On what to write about
The next evening, John hosted a vlog featuring poet extraordinaire Katrina Vandenberg, whose debut poetry collection, Atlas, appears to be out of print, but I will nevertheless persevere and track one down, based on the loveliness of the poems I've heard John Green, and now Katrina herself, read. During the live interview/reading, Katrina read a poem about records (of the vinyl persuasion), the title of which I cannot recall. Afterwards, in conversation with John, she said:

"I like writing about things you can't get back to – [writing about] the thing that you get rid of, and you later wish you hadn't."

It occurs to me that a lot of us write about just such a thing, whether it's a feeling or an object or a person, and whether we write fiction or poetry or memoir or songs, or whether we make visual art.

On the life of a writer

Last night, I read a novel entitled Gods Behaving Badly, which I found extremely diverting. It was witty and clever and amusing, and I liked the way the author, Marie Phillips, envisioned the Greek gods in their modern-day incarnations: Artemis is a dog walker, Aphrodite runs a phone-sex line, Athena is an academic, and Apollo is trying his hand at television psychic. At the end of the paperback edition of the book (which is what I purchased), there is "book group" material, including an essay by the author called "Marie Phillips on her approach to writing fiction". I commend the entire essay to you for its entertainment value and its truth, but here is a quoteskimmed version:

When I meet people at parties and I tell them that I'm a writer, the first question is always the same. "Are you very disciplined?" "Oh yes," I say. . . . And it's almost true – about the discipline, I mean. My approach to writing is like improvised acting: I lose myself in my characters and let them do all the work. So I can write large amounts over long stretches of the day. However, I try as far as possible to avoid conscious thought while I'm writing, because it interrupts the flow and pulls me out of my characters. Before I start on a novel I have to do a huge amount of thinking, for months on end, without writing a word. I don't like to begin until I have a destination in mind and at least a vague idea of how I'm going to get there, otherwise I am liable to write around in circles.

I'm not a comfortable thinker, however. What am I supposed to look at while I'm thinking? What should I do with my hands? Research is my favorite way to think, as it gives me something tangible to do. I like spending the entire day reading, and then sounding like a harassed intellectual to friends in the pub ("God, I've been reading all day, I'm knackered").

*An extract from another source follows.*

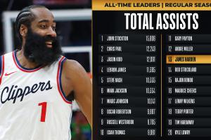 這樣,哈登生涯助攻數(shù)正式升至NBA歷史第13位,下一個(gè)追逐安德烈-米勒(8524)。
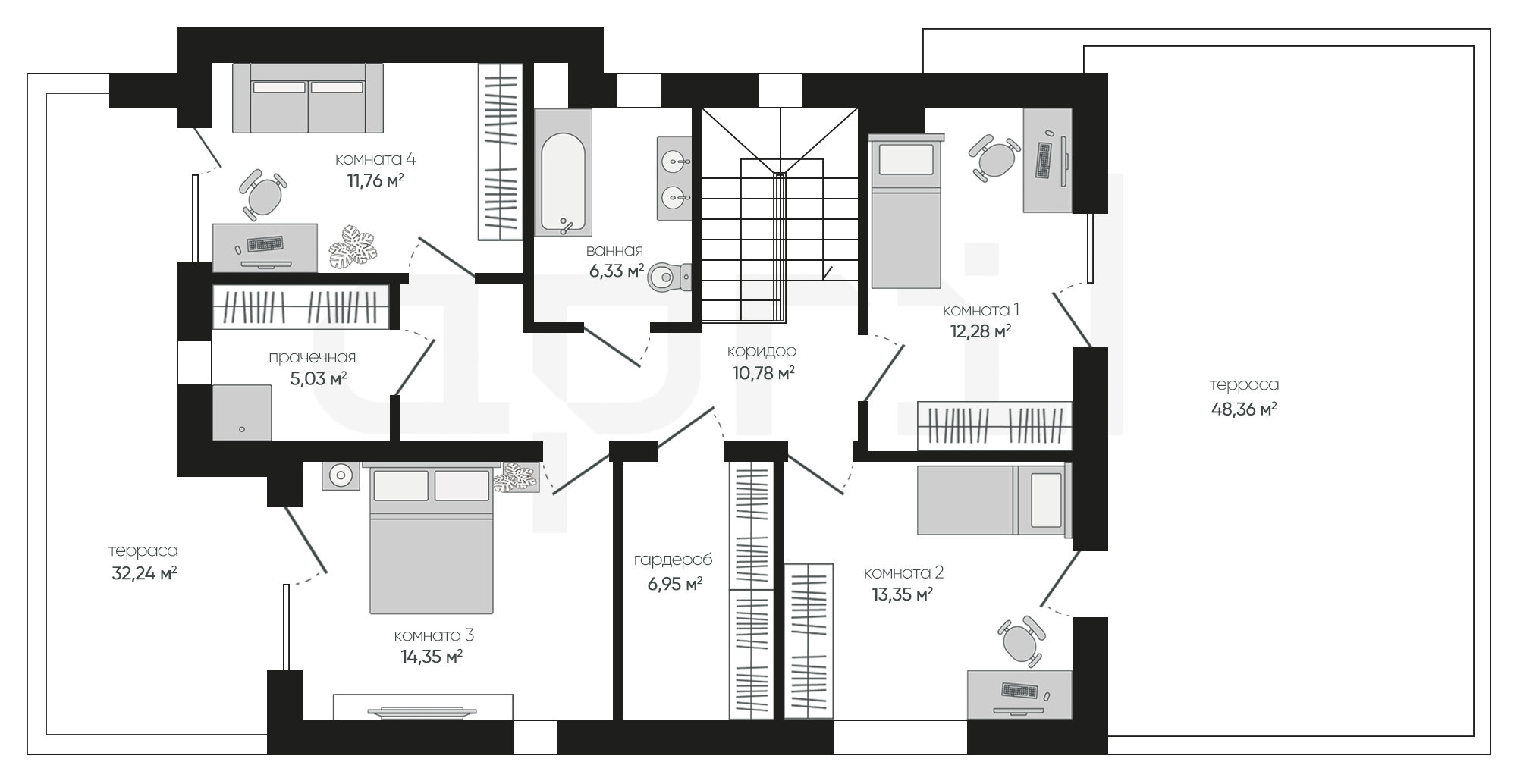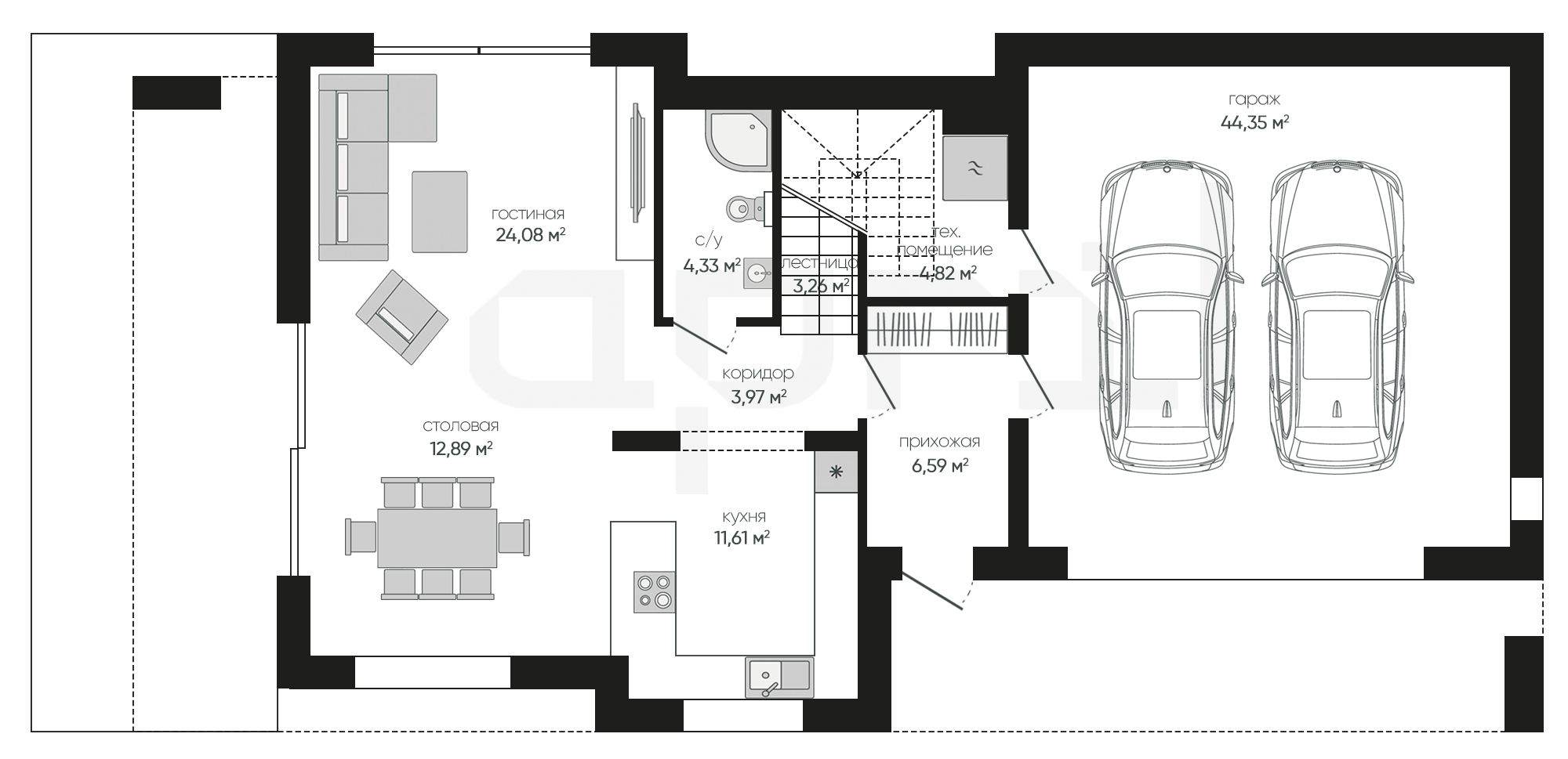 Проект двухэтажного дома с большим гаражом и террасой подходит для людей, ценящих современные тенденции в архитектуре и комфортное жилье.

. . . But reading is ultimately distracting as I'm dealing with other people's thoughts, so sometimes I have to put the books down and just think. I think in the shower, doing the shopping, tidying the house, and I get vast amounts of thinking done on the bus. I think in bed, last thing at night and first thing in the morning, because being half asleep pushes open the door to my subconscious just that little bit wider. Mostly, though, I lie on the sofa and think (I have a special sofa in my study for this purpose – chosen by stretching out on all the sofas in Ikea to find out which one was the thinkiest). This causes untold problems in the pub ("God, I've been lying on the sofa all day, I'm knackered").

I think until I can't bear it any longer and then I start writing, but it's never long enough. I get myself stuck and have to take weeks out in the middle of drafts just to think some more, and then I get furious with myself for "not doing any work," force myself back to the computer too soon, and end up with writer's block, which is basically just thinking plus self-loathing.

. . . What made sense when I was thinking can make no sense at all when I'm writing, as once I'm inside my characters' heads I discover that there is no way that they would behave in the way I have so carefully set up for them. So the writing takes me in a new direction and the thinking falls down like a game of Jenga after the rash removal of the wrong brick. And then it's back to the sofa to start over and build all my thoughts back up again.